Exercise details:
Your job is to print, exactly, the lines in the data below from the line with "УЗО ЭРА PRO" through the line with "Các kiện vải vẫn cháy ngùn ngụt", both included, and to omit any picture.

Supplied material:
==========

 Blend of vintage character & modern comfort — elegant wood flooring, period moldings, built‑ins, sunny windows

==========

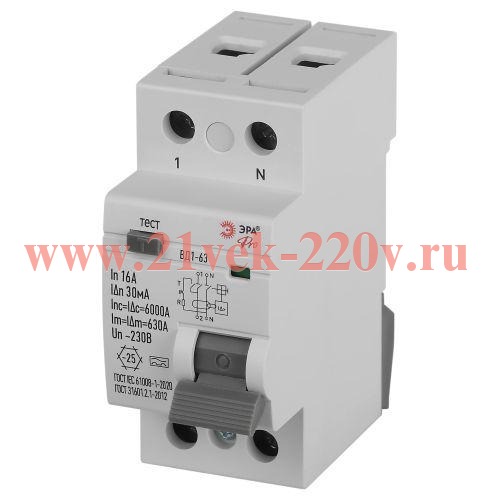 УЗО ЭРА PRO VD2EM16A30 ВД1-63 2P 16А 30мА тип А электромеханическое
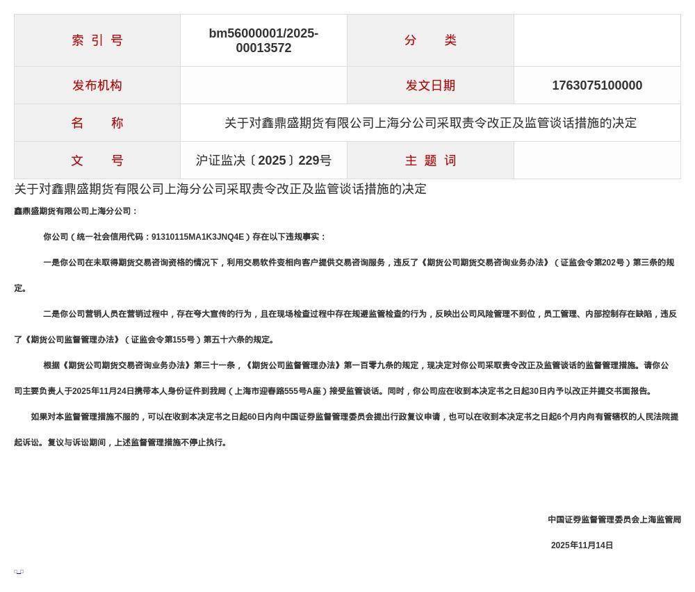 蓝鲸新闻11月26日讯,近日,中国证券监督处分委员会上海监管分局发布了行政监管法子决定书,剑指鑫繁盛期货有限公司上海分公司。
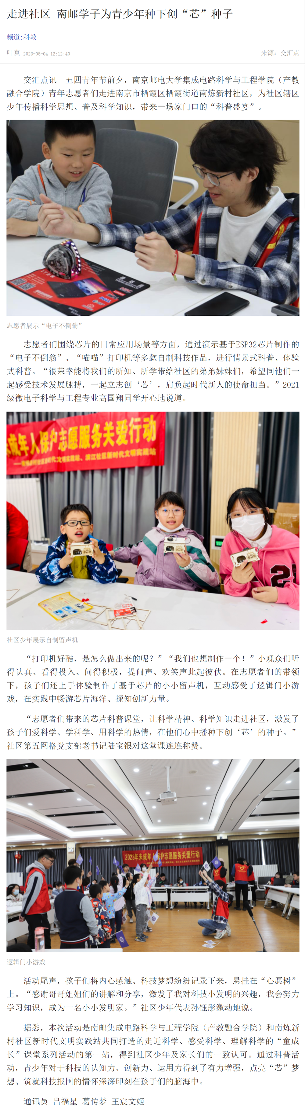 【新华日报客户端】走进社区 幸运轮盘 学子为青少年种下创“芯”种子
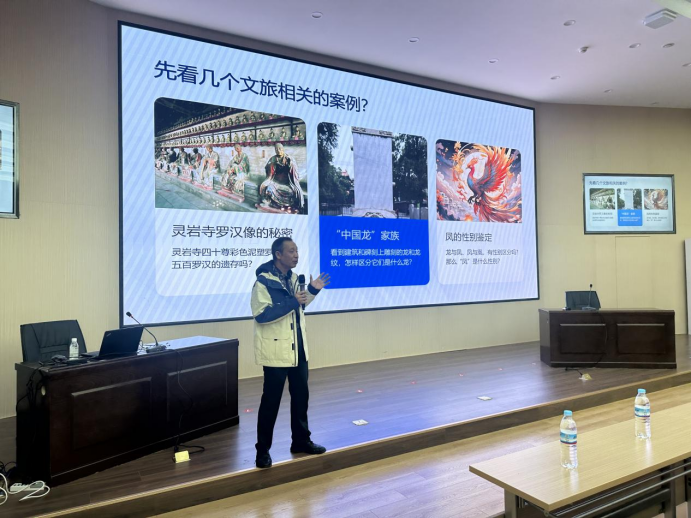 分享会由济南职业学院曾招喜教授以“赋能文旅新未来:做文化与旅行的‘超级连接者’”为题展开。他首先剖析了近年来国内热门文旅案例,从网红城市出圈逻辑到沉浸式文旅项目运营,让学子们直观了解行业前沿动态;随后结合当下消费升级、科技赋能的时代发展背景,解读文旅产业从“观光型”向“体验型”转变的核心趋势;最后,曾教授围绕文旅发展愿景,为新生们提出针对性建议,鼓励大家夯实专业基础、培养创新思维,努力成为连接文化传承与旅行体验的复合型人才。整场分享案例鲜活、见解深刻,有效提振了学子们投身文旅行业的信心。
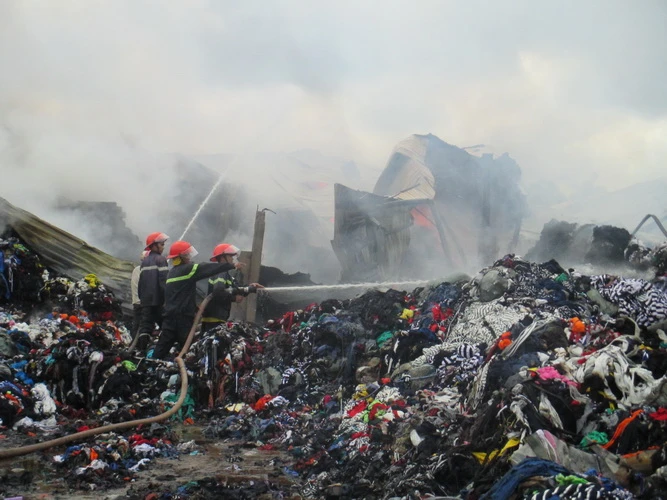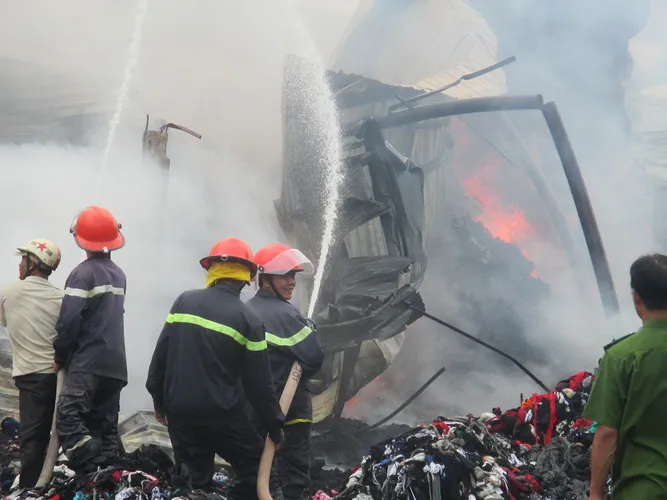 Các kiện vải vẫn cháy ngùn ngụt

==========

Output of the task:
 УЗО ЭРА PRO VD2EM16A30 ВД1-63 2P 16А 30мА тип А электромеханическое
 蓝鲸新闻11月26日讯,近日,中国证券监督处分委员会上海监管分局发布了行政监管法子决定书,剑指鑫繁盛期货有限公司上海分公司。
 【新华日报客户端】走进社区 幸运轮盘 学子为青少年种下创“芯”种子
 分享会由济南职业学院曾招喜教授以“赋能文旅新未来:做文化与旅行的‘超级连接者’”为题展开。他首先剖析了近年来国内热门文旅案例,从网红城市出圈逻辑到沉浸式文旅项目运营,让学子们直观了解行业前沿动态;随后结合当下消费升级、科技赋能的时代发展背景,解读文旅产业从“观光型”向“体验型”转变的核心趋势;最后,曾教授围绕文旅发展愿景,为新生们提出针对性建议,鼓励大家夯实专业基础、培养创新思维,努力成为连接文化传承与旅行体验的复合型人才。整场分享案例鲜活、见解深刻,有效提振了学子们投身文旅行业的信心。
 Các kiện vải vẫn cháy ngùn ngụt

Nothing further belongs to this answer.